**MATERIAL PROVIDED**.
··········

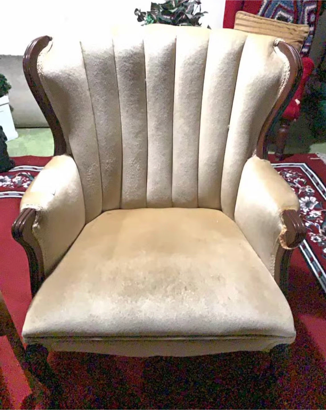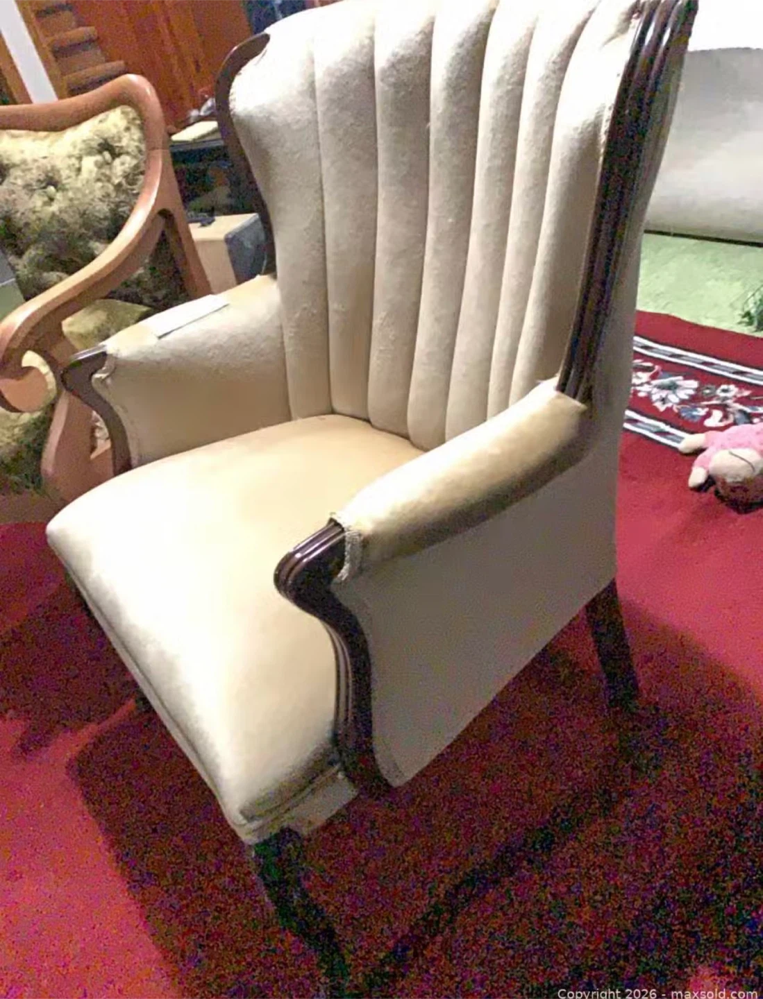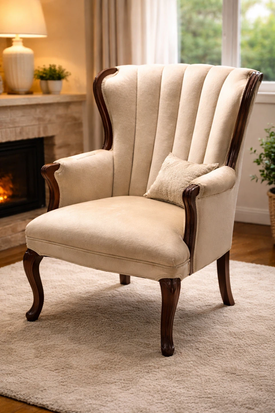 Comfortable wingback armchair with a classic design. Perfect for adding a touch of elegance to any room. The chair features a beige upholstery and dark wood trim. A small matching pillow is included.
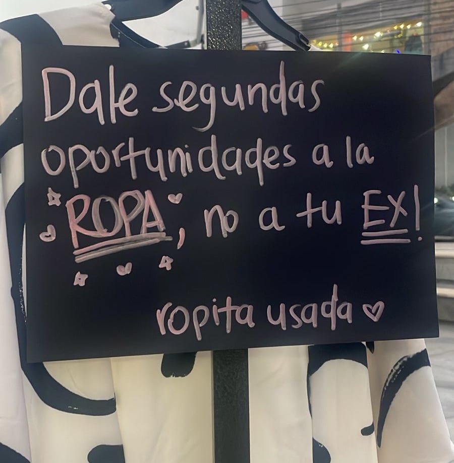 El segundo unas señoras que en la plazoleta de la facultad de arquitectura que estaban vendiendo Ropa Usada con una frase llamativa “Dale Segundas oportunidades a la ROPA, no a tu Ex” Ropita Usada”
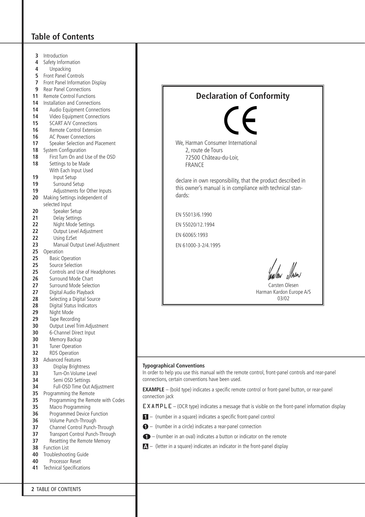 Carsten Olesen Harman Kardon Europe A/S 03/02 Typographical Conventions In order to help you use this manual with the remote control, front-panel controls and rear-panel connections, certain conventions have been used. EXAMPLE — (bold type) indicates a specific remote control or front-panel button, or rear-panel connection jack EXAMPLE — (OCR type) indicates a message that is visible on the front-panel information display — (number in a square) indicates a specific front-panel control © - (number in a circle) indicates a rear-panel connection © - (number in an oval) indicates a button or indicator on the remote EN- (letter in a square) indicates an indicator in the front-panel display

··········

**HOW TO COMPLETE THIS TASK**.
Wherever the listing shows a picture, omit it and output the rest exactly as given.

**ANSWER FOR THE TASK**.
 Comfortable wingback armchair with a classic design. Perfect for adding a touch of elegance to any room. The chair features a beige upholstery and dark wood trim. A small matching pillow is included.
 El segundo unas señoras que en la plazoleta de la facultad de arquitectura que estaban vendiendo Ropa Usada con una frase llamativa “Dale Segundas oportunidades a la ROPA, no a tu Ex” Ropita Usada”
 Carsten Olesen Harman Kardon Europe A/S 03/02 Typographical Conventions In order to help you use this manual with the remote control, front-panel controls and rear-panel connections, certain conventions have been used. EXAMPLE — (bold type) indicates a specific remote control or front-panel button, or rear-panel connection jack EXAMPLE — (OCR type) indicates a message that is visible on the front-panel information display — (number in a square) indicates a specific front-panel control © - (number in a circle) indicates a rear-panel connection © - (number in an oval) indicates a button or indicator on the remote EN- (letter in a square) indicates an indicator in the front-panel display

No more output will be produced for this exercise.